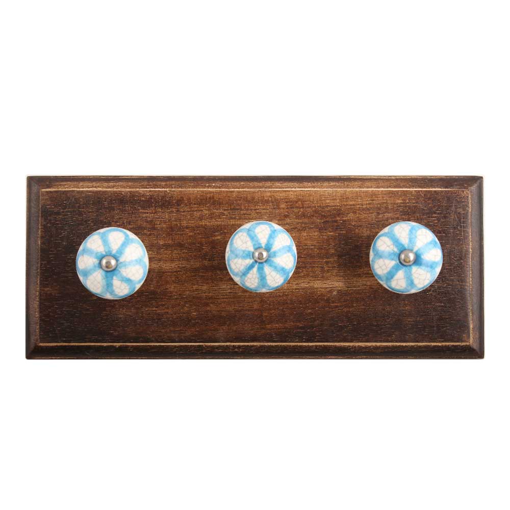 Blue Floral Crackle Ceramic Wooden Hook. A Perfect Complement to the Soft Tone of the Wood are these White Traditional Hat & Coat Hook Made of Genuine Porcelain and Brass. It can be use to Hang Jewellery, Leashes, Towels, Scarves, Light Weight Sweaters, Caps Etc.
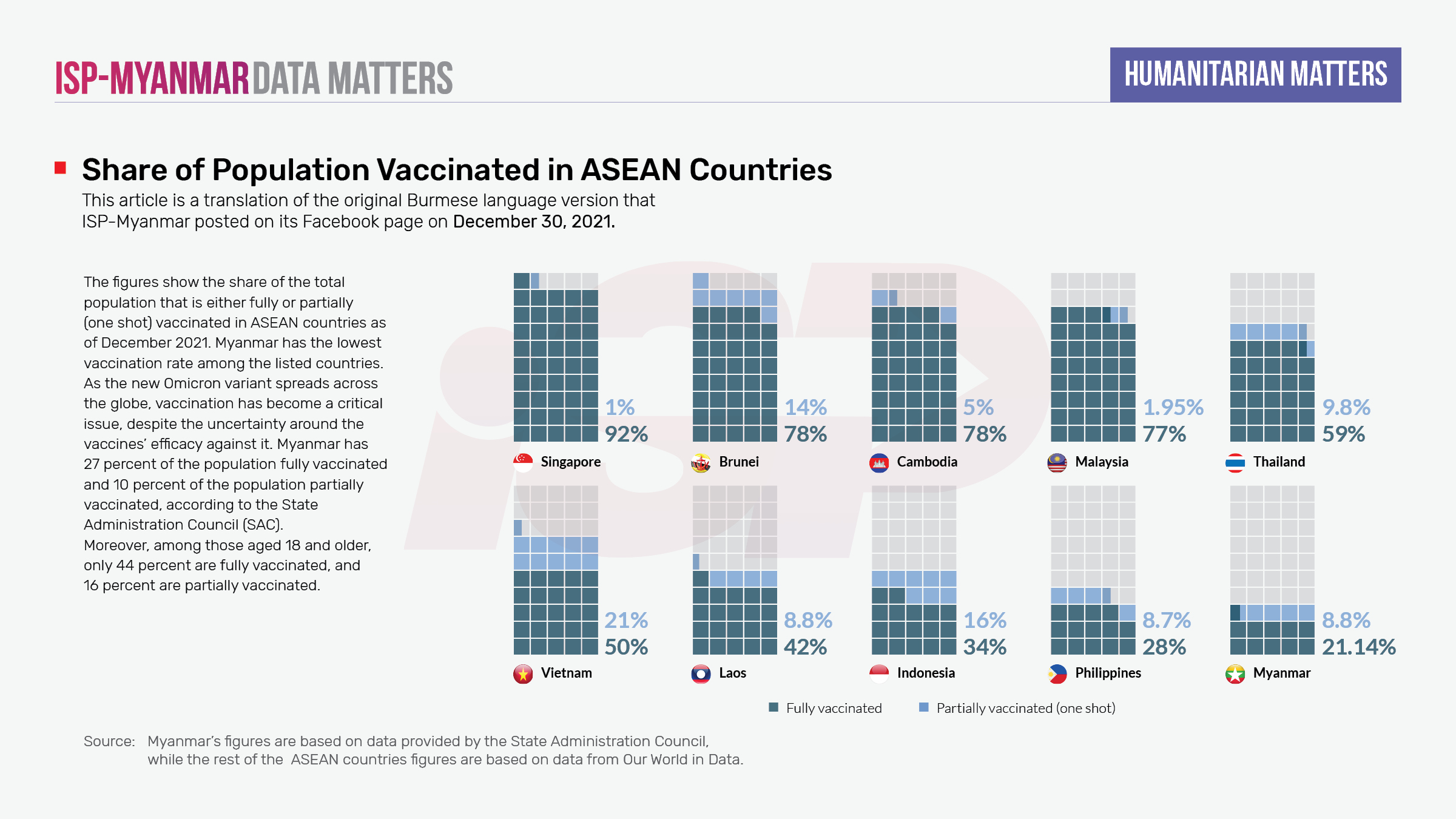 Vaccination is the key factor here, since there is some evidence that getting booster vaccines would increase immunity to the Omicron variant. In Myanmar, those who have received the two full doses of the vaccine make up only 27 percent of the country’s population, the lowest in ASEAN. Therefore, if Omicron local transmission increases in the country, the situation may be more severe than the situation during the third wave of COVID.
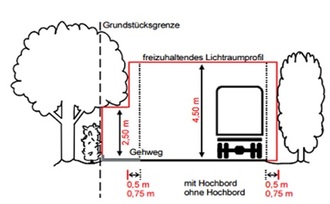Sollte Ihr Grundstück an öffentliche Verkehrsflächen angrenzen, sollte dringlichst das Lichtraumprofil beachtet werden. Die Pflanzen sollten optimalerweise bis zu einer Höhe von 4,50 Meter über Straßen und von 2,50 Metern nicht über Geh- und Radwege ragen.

★ ★ ★

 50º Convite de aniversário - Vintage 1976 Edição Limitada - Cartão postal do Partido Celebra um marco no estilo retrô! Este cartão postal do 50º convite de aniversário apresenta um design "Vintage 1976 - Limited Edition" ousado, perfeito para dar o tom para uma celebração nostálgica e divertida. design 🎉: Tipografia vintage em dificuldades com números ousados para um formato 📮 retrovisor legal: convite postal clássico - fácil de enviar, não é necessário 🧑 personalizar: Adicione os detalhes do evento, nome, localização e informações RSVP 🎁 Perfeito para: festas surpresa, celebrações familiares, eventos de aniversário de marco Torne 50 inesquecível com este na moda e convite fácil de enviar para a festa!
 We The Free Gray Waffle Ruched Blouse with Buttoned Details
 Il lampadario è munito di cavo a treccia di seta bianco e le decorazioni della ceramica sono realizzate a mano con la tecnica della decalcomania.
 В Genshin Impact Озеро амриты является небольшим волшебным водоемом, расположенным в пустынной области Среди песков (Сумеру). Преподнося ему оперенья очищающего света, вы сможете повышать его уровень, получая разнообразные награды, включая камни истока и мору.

★ ★ ★

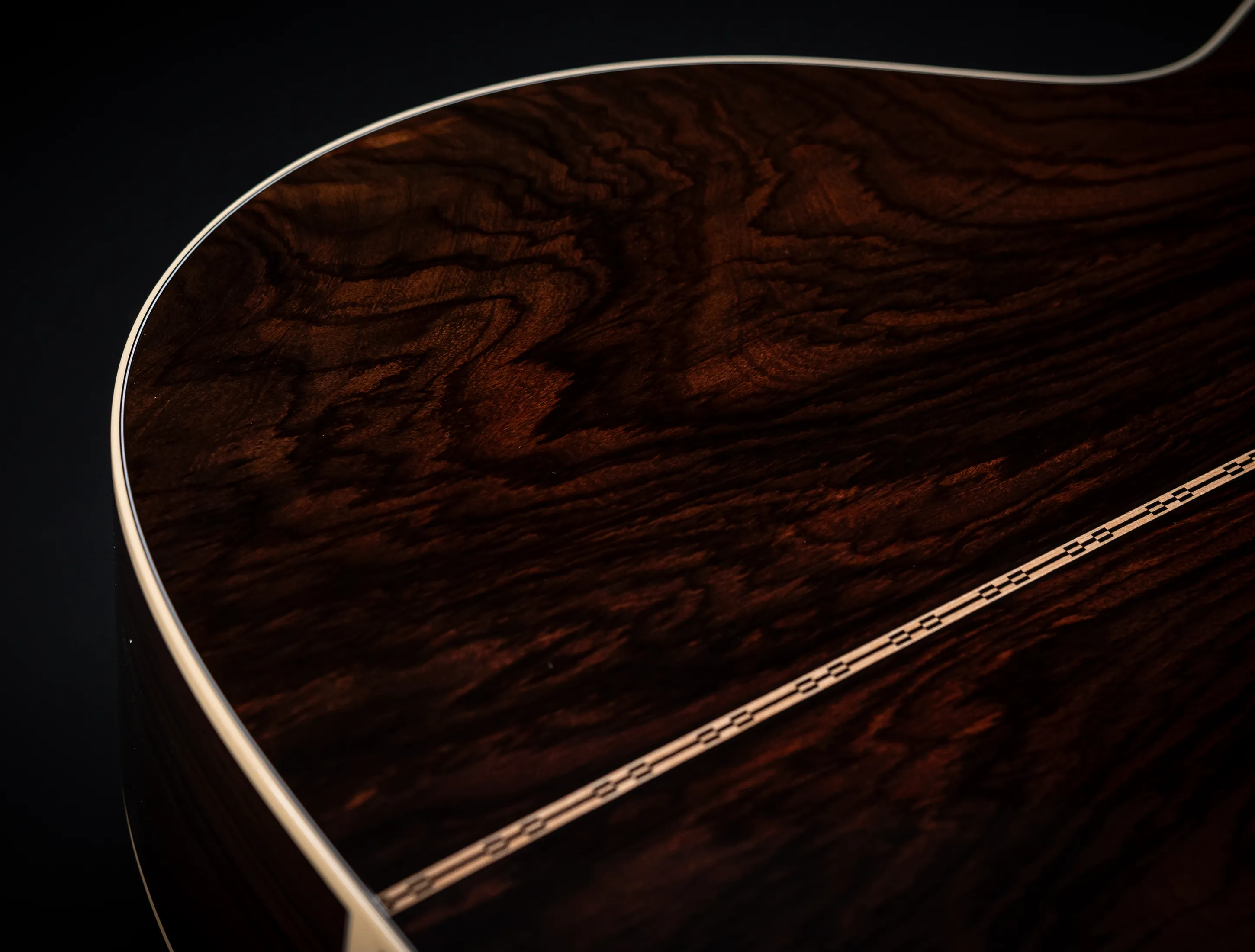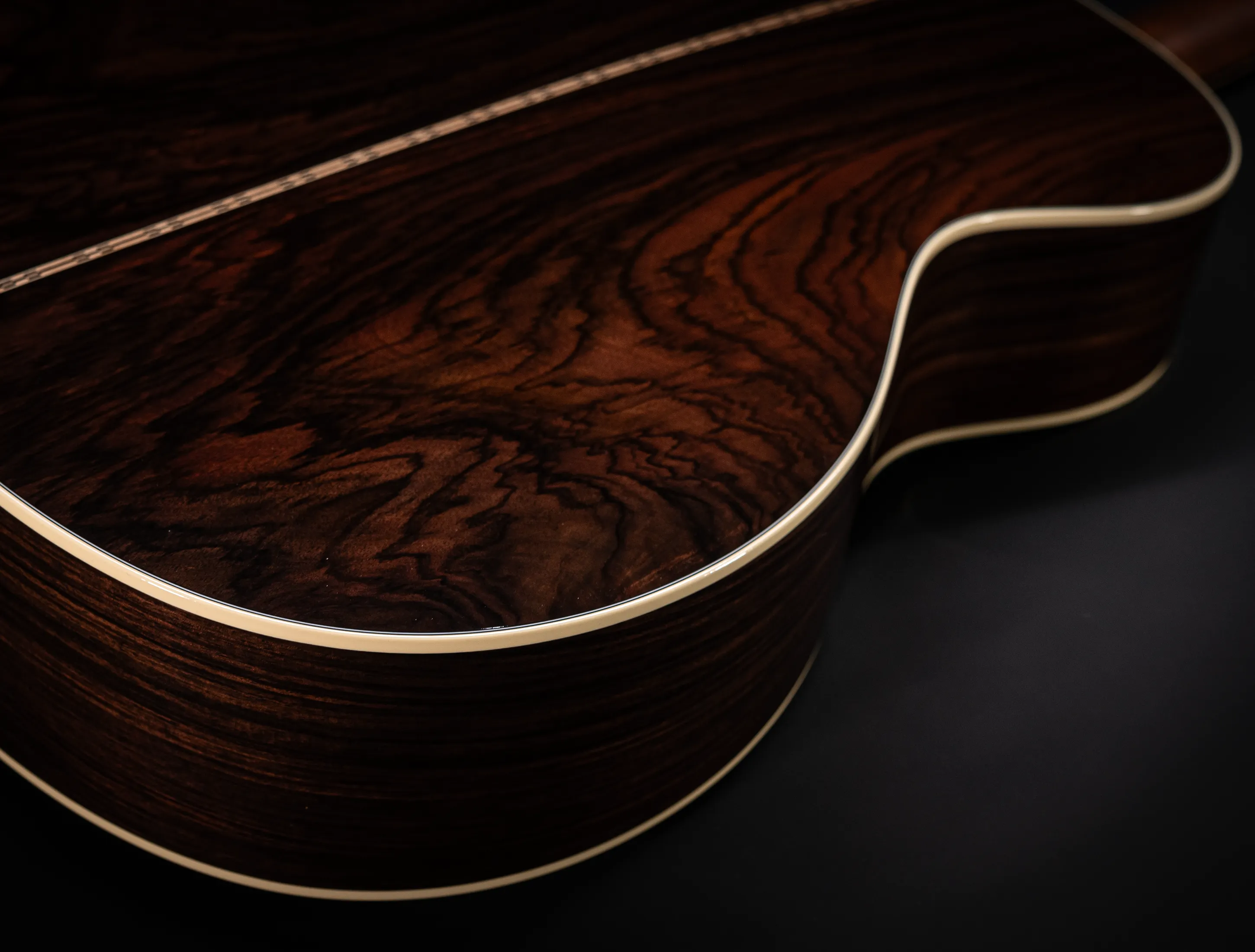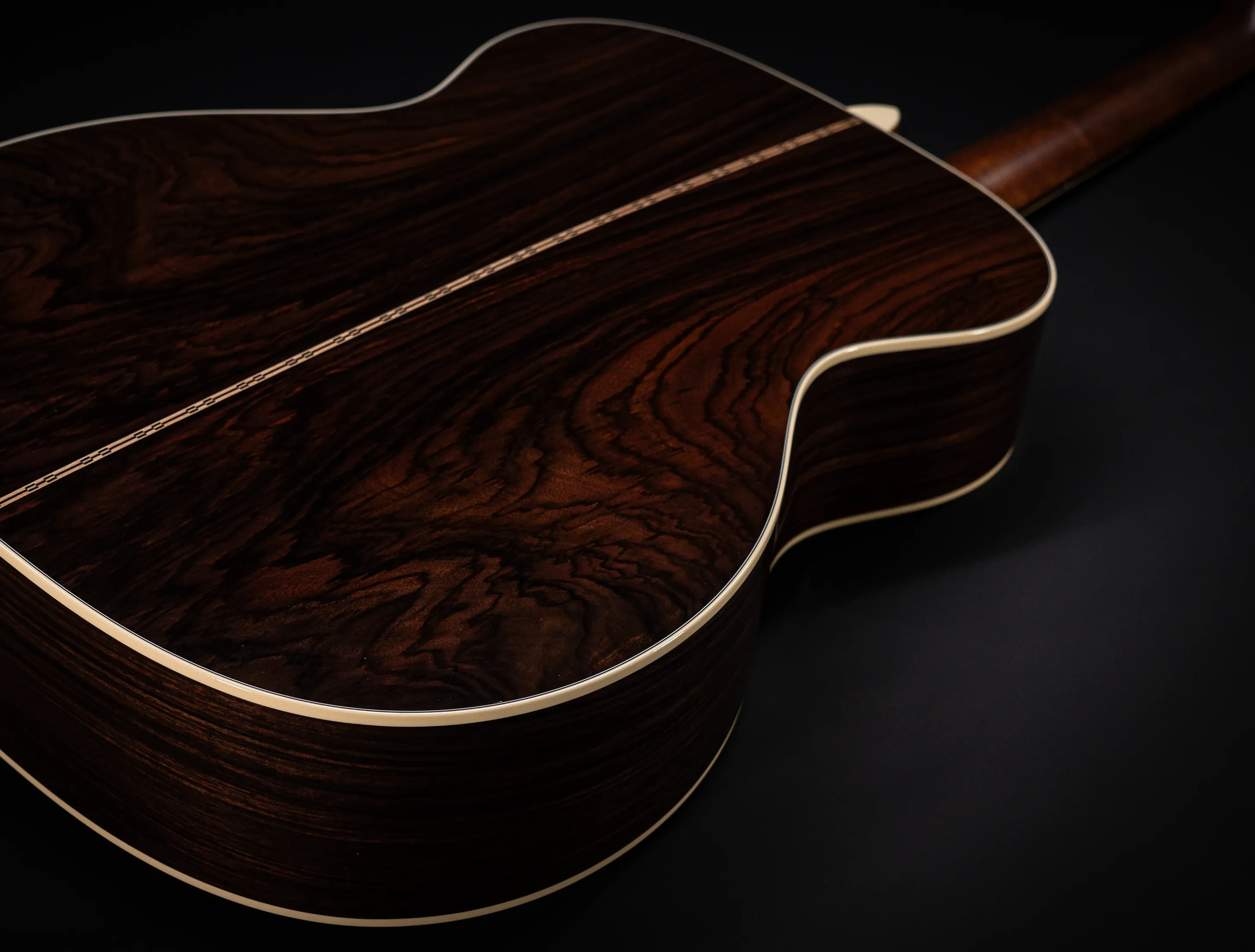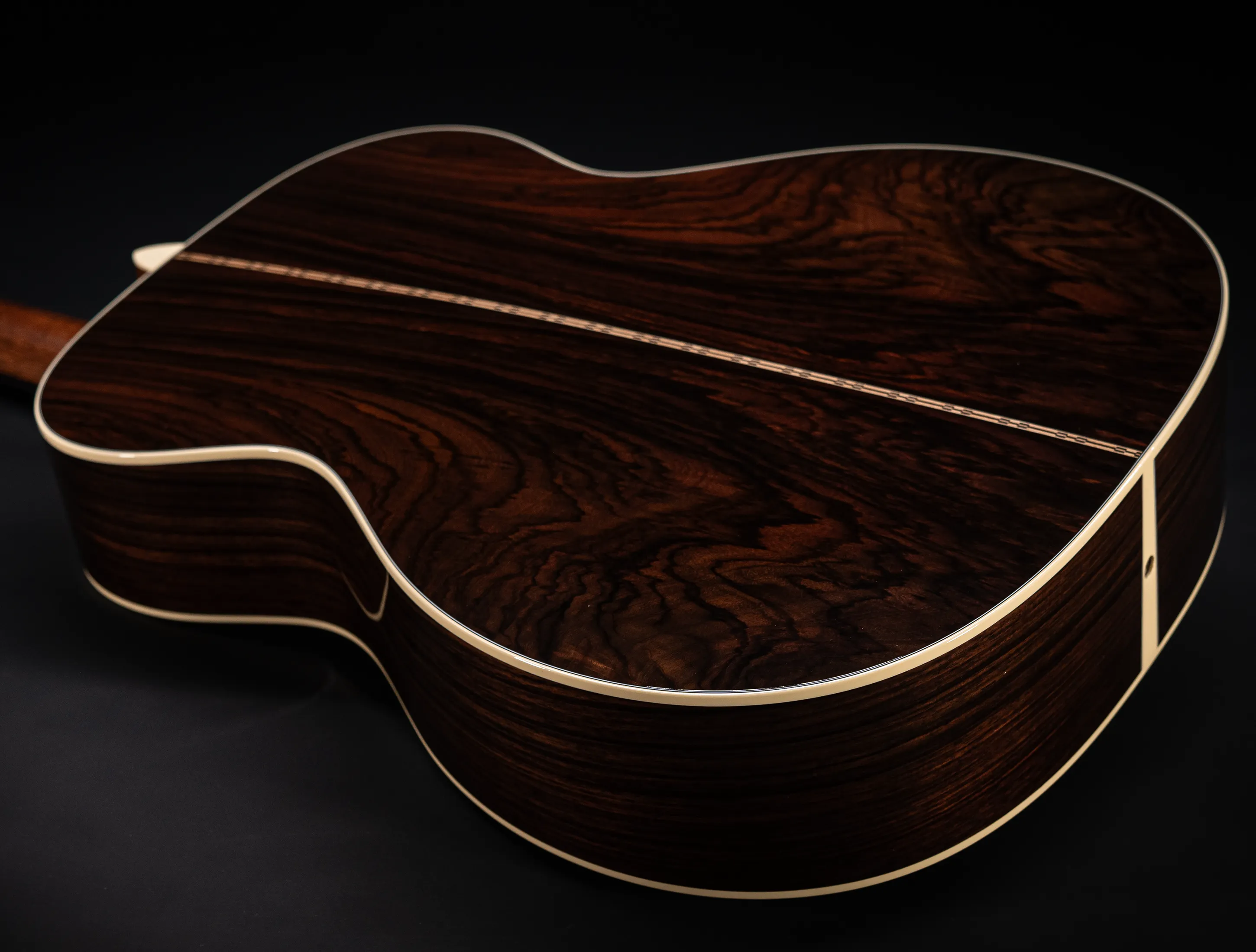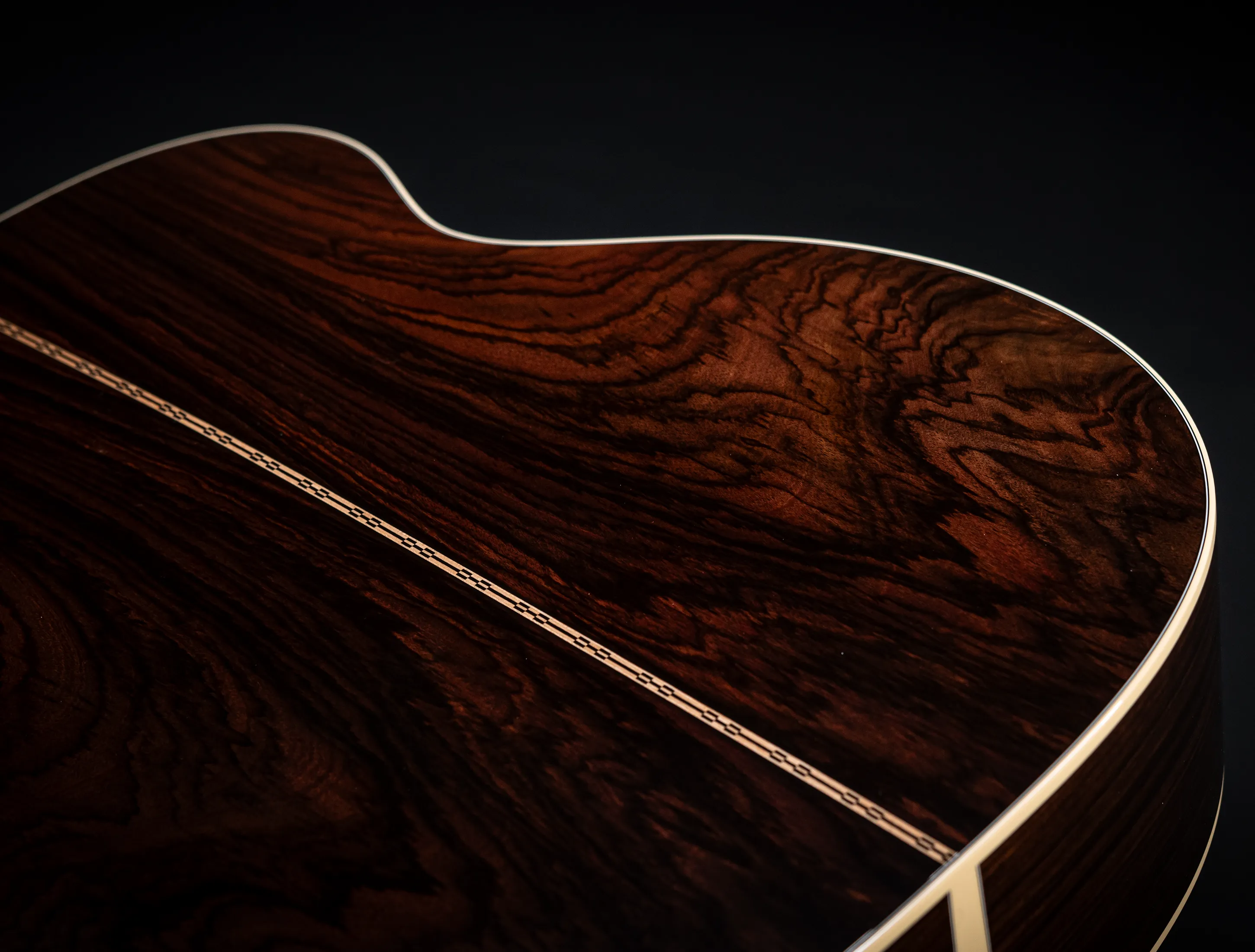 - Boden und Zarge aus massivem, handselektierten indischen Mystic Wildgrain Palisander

★ ★ ★

* [Your objective]: When you reach the line in the material above that holds "We The Free", begin reproducing lines exactly, and stop after the line that holds "Il lampadario è".

* [Solution for this task]:
 We The Free Gray Waffle Ruched Blouse with Buttoned Details
 Il lampadario è munito di cavo a treccia di seta bianco e le decorazioni della ceramica sono realizzate a mano con la tecnica della decalcomania.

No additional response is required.